Sultanpur is a village in Shaheed Bhagat Singh Nagar district of Punjab State, India. It is located 31 km away from sub post office Dayalpur, 16 km from Nawanshahr, 18 km from district headquarter Shaheed Bhagat Singh Nagar and 88 km from state capital Chandigarh. The village is administrated by Sarpanch an elected representative of the village.

== Demography ==
As of 2011, Sultanpur has a total number of 48 houses and population of 229 of which 120 are males while 109 are females according to the report published by Census India in 2011. The literacy rate of Sultanpur is 74.29% lower than the state average of 75.84%. The population of children under the age of 6 years is 19 which is 8.30% of total population of Sultanpur, and child sex ratio is approximately 900 as compared to Punjab state average of 846.
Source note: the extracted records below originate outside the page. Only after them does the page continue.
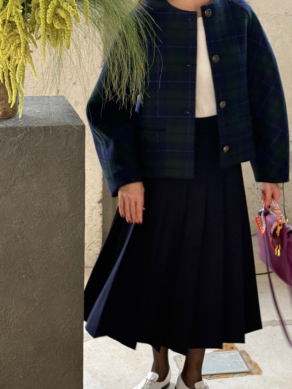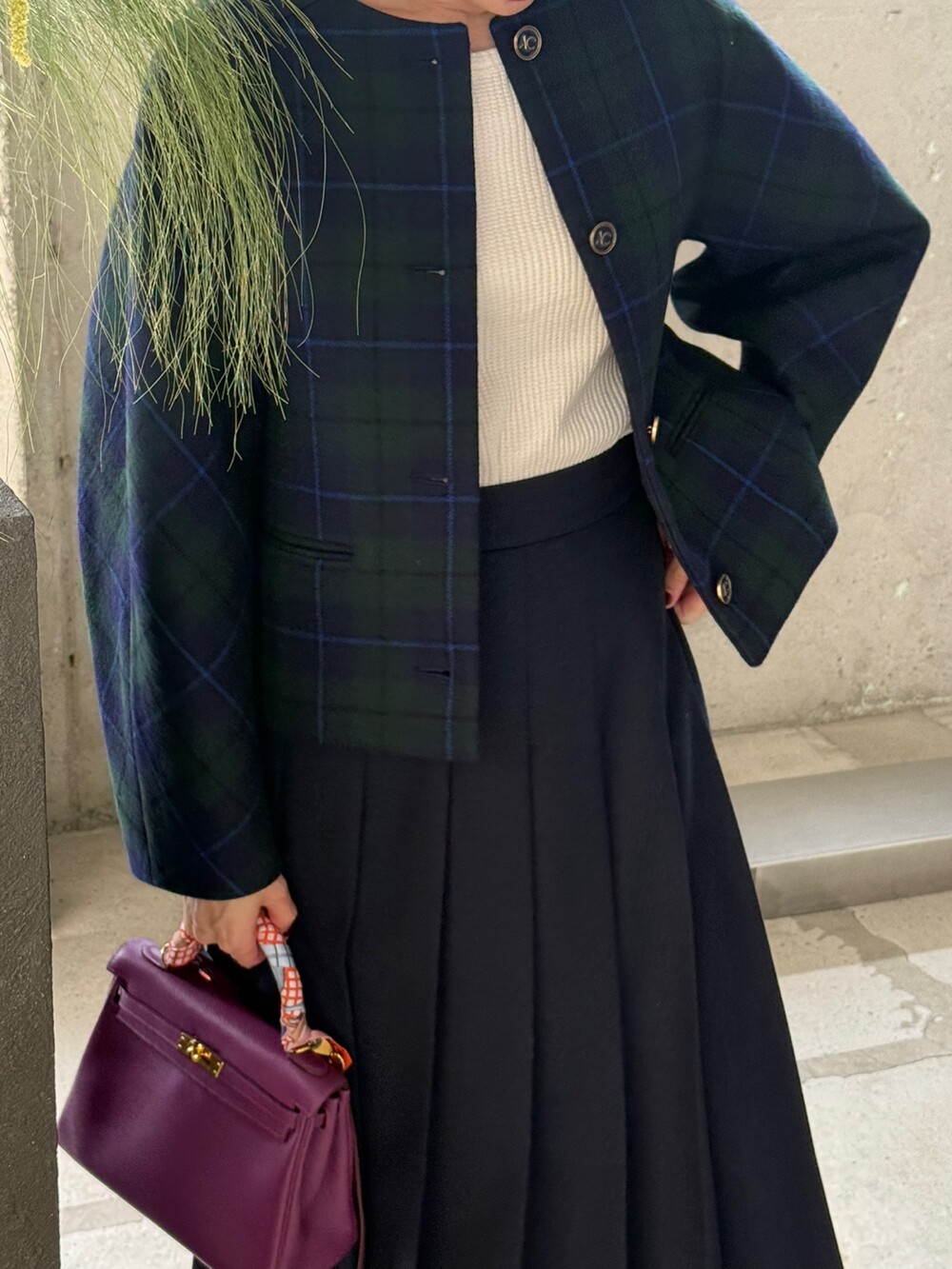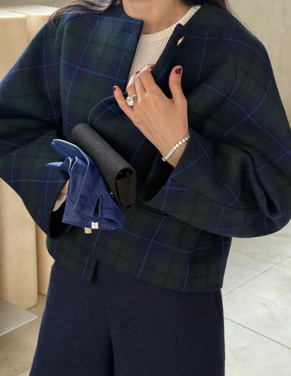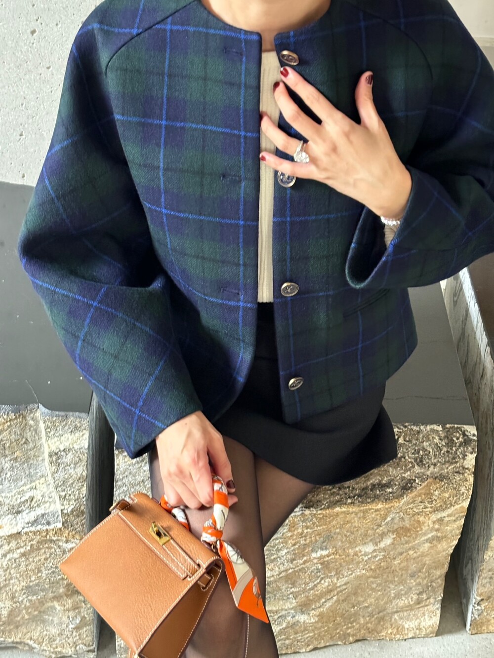 과하지 않은 컬러 조합의 체크 패턴을 사용하여 클래식하면서도 편안하게 입을 수 있는 노카라 재킷입니다.
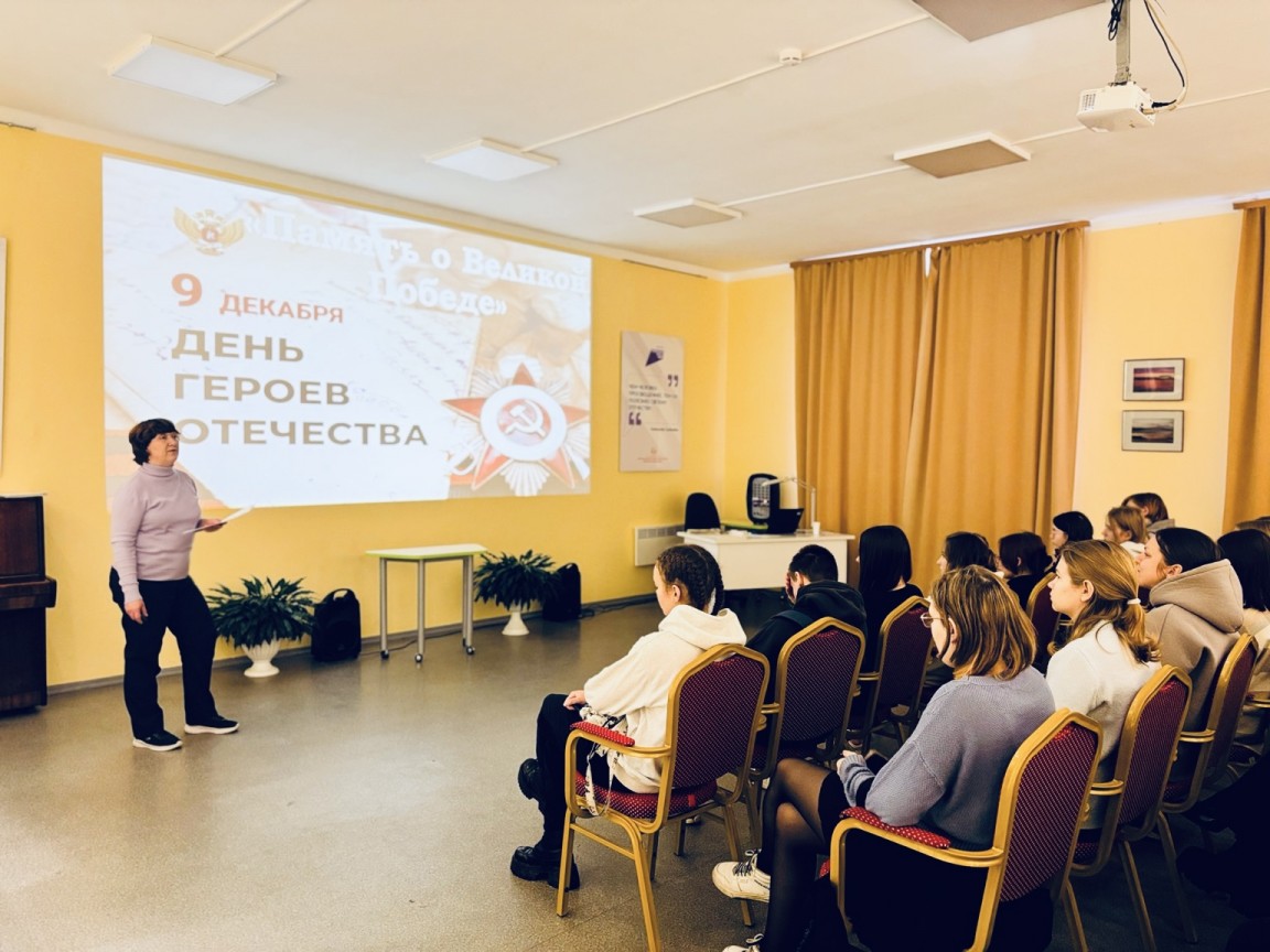 9 декабря в Сортавальской районной библиотеке, для учащихся Сортавальского колледжа был проведен урок мужества «Память о Великой Победе», посвященный Дню Героев Отечества.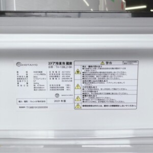 今回は埼玉県毛呂山町にお住まいの20代男性(学生・単身・賃貸アパート)のお客様より、TOHOTAIYO 2ドア冷凍冷蔵庫 TH-138L2-BK(2019年製)の出張査定をご依頼いただきました。
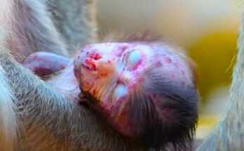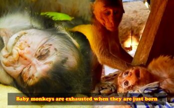 In the dense, humid forests on the edge of a small village, a heartbreaking scene unfolded — a newborn monkey, barely hours old, was found clinging weakly to life. Frail, …
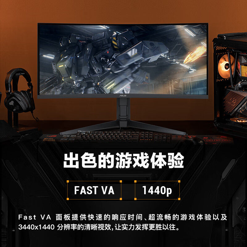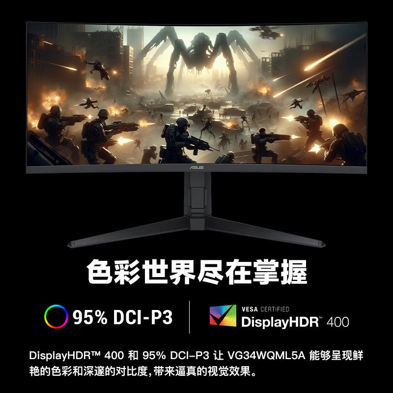 ASUS华硕34英寸带鱼屏曲面显示器250Hz准4K电脑2K屏幕VG34WQML5A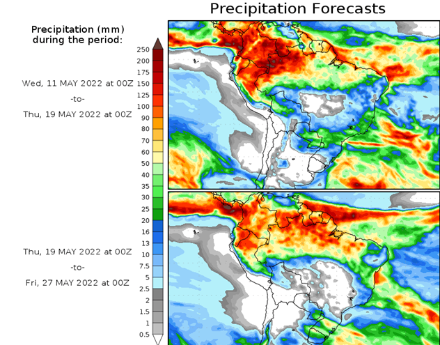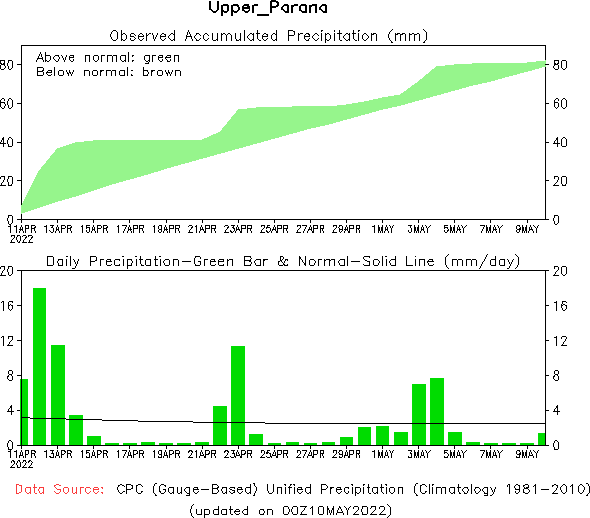 El pronóstico Hidrometeorológico del Centro Climático de referencia indica una tendencia semanal de poca significancia hidrológica en la cuenca de interés para la CHY con dispersión geográfica según sea la fuente consultada. (Ver gráfico Nro. 1).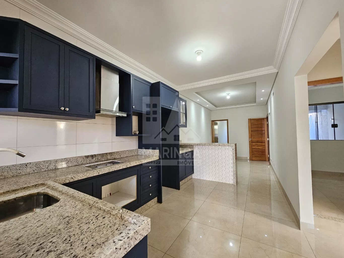Casa para venda com 3 quartos sendo 1 suíte, sala integrada com a cozinha, cozinha mobiliada e 2 vagas de garagem.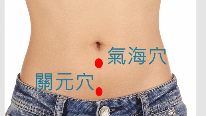 方法:拇指指尖放喺氣海穴處,先順時針按 2 分鐘,再點按半分鐘。每日 4 次,連續 3 日。

Most of the people are from Schedule Caste which constitutes 66.81% of total population in Sultanpur. The town does not have any Schedule Tribe population so far.

As per the report published by Census India in 2011, 133 people were engaged in work activities out of the total population of Sultanpur which includes 71 males and 62 females. According to census survey report 2011, 48.87% workers describe their work as main work and 51.53% workers are involved in Marginal activity providing livelihood for less than 6 months.

== Education ==
The village has no school and children either travel or walk to other villages for schooling often covering between 8–10 km. KC Engineering College and Doaba Khalsa Trust Group Of Institutions are the nearest colleges. Industrial Training Institute for women (ITI Nawanshahr) is 16 km. The village is 64 km away from Chandigarh University, 52 km from Indian Institute of Technology and 61 km away from Lovely Professional University.

List of schools nearby
- Govt Upper Primary with Secondary School, Kot Ranjha
- Govt Upper Primary with Secondary/Higher Secondary School, Jadla
- Govt Primary School, Chhokran
- Govt Primary School, Ranewal

== Transport ==
Nawanshahr train station is the nearest train station however, Garhshankar Junction railway station is 28 km away from the village. Sahnewal Airport is the nearest domestic airport which located 45 km away in Ludhiana and the nearest international airport is located in Chandigarh also Sri Guru Ram Dass Jee International Airport is the second nearest airport which is 170 km away in Amritsar.